Struck by the lack of nature in plans for the national park in Wicklow, Danny Alvey and his siblings set up ReWild Wicklow to co-ordinate volunteer efforts to restore nature in this beautiful part of the country. You can support the work with a donation, or buy a gift of trees from rewildwicklow.ie, the support for the trees marked with a personalised certificate decorated with Wicklow-based artist Emily Robyn Archer’s beautiful illustrations.

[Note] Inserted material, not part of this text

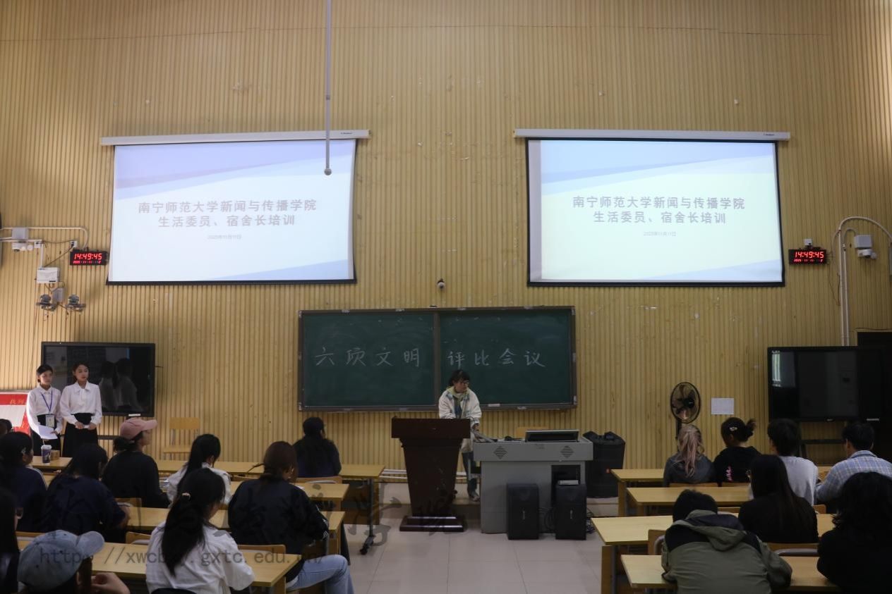 11月11日下午,英国威廉集团官网于五综107教室举行2025年六项文明评比活动启动仪式暨纪检委、生活委和宿舍长培训会议。学工办辅导员李虹霏及各班级纪检委员、生活委员、宿舍长参会。
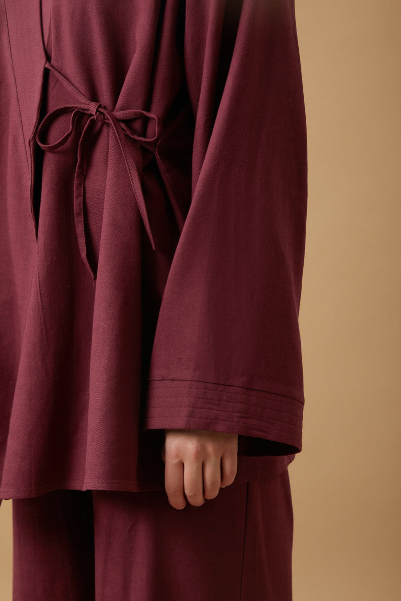 Yandan Bağlamalı Kimono Takım Bordo, Doğallığın ve yalın şıklığın bir araya geldiği bu keten karışımlı takım, sade ama özgün tarzıyla öne çıkmak isteyenler için tasarlandı. Hafif dökümlü yapısı ve nefes alabilen kumaşı sayesinde hem şehir hayatına hem tatil günlerine uyum sağlar.

Membership of the Irish Wildlife Trust

This comes with a subscription to their always-interesting magazine so you get to read about projects and work throughout Ireland to support the Trust’s advocacy and work on behalf of struggling wildlife. iwt.ie

Rescue wild animals

Kildare Wildlife Rescue has a hands-on mission to help heal wounded and distressed animals before releasing them back to the wild with a network of volunteers who bring the wild animals to safety. idonate.ie/cause/Kildarewildliferescue

Sponsor a forest

The Burren pine project by the Burrenbeo Trust is bringing back Clare’s Scots pine forests using trees grown from the seed of a stand of pines genetically linked to Ireland’s oldest pollen record of this tree. burrenbeo.com

Go wild next year

If you own a lawn let some or all of it go. You can mow paths through it, or leave the edges to grow to wavy frondy seedy grasses that wave in the breeze around a hidden centre. Expose some soil and sow yellow rattle in spring to make space for non-grasses. Yellow rattle is known as the meadow maker thanks to its bullying tendencies towards the roots of grasses. If you don’t own a lawn, talk someone you know who owns one into a wilder approach for 2024.